Some years ago, researchers raised concerns about potential “backfiring effects” (corrections ironically strengthening people’s belief in the original misinformation, see Nyhan & Reifler, 2010). The “illusory truth effect” states that misinformation is perceived as more accurate with repeated exposure (Ecker, Lewandowsky, et al., 2020; Fazio et al., 2015). This finding prompted concern that repeating the misinformation while correcting it may inadvertently reinforce people’s belief in it (the so-called “familiarity backfire effect”). However, more recent research has shown that such backfire effects are not reliably observed, and the risk of debunking “side effects” therefore appears to be low (Swire-Thompson et al., 2020, 2022; Wood & Porter, 2019). Overall, meta-analyses have concluded that corrective messages are generally effective at reducing belief in misinformation, although it is more difficult to correct misinformation about politics and marketing than about health (Chan et al., 2017; Walter & Murphy, 2018; Walter et al., 2020). In addition, debunking messages appear to be less effective when they are less detailed (Ecker, O’Reilly, et al., 2020; Paynter et al., 2019), and political beliefs and knowledge also appear to attenuate the effect (Walter & Murphy, 2018).
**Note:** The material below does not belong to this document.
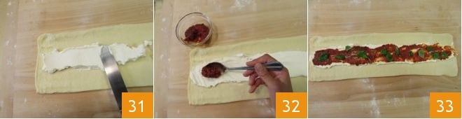 Unta la mitad de la ricotta solo en la tira central de los dos rectángulos 31, esparce encima la mitad del paté de tomates secos 32 y añade algunas hojas de albahaca 33.
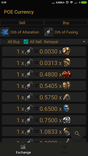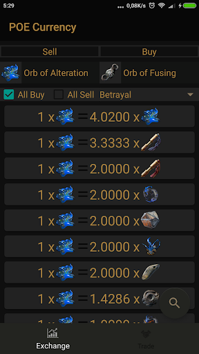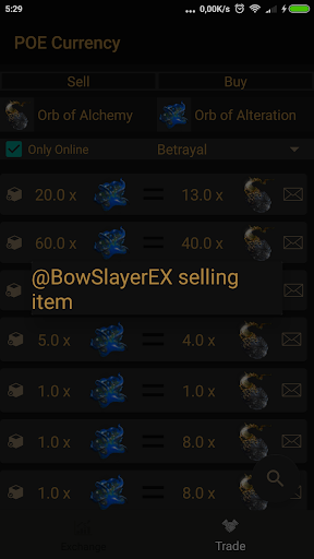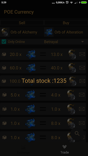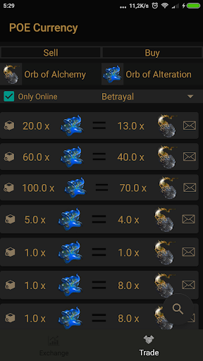 For the Path of Exile game, you can see the most used currencies in all leagues according to the market value, the sales sold in the market, the name to contact the sales person and the stock value if the stock value is entered.

Nonetheless, there are several factors that limit the effectiveness of debunking. First, who is doing the debunking appears to matter a great deal. The perceived expertise and trustworthiness of the source affect how likely someone is to accept the correction (Benegal & Scruggs, 2018; Ecker & Antonio, 2021; Guillory & Geraci, 2013; Vraga & Bode, 2017). Furthermore, Margolin et al. (2017) found that Twitter users are significantly more likely to accept a correction by an account that they follow than a correction by a stranger, indicating that strong connections between fact-checkers and misinformation spreaders are key for the effectiveness of debunking.

Second, debunks do not appear to reach the same people as the original misinformation. Zollo et al. (2017), for example, found that debunking posts rarely penetrate conspiracy echo chambers on Facebook, and instead mostly reach users that prefer to consume science-focused content (who are unlikely to believe the misinformation, to begin with). Hameleers and van der Meer (2019) showed that people engage more with fact-checks when they are congruent with prior attitudes, and avoided when they are incongruent, indicating that people have a confirmation bias when deciding what fact-checks to engage with. Furthermore, Vosoughi et al. (2018) found that content that fact-checkers had rated as true reached far fewer people than content that they had rated as false.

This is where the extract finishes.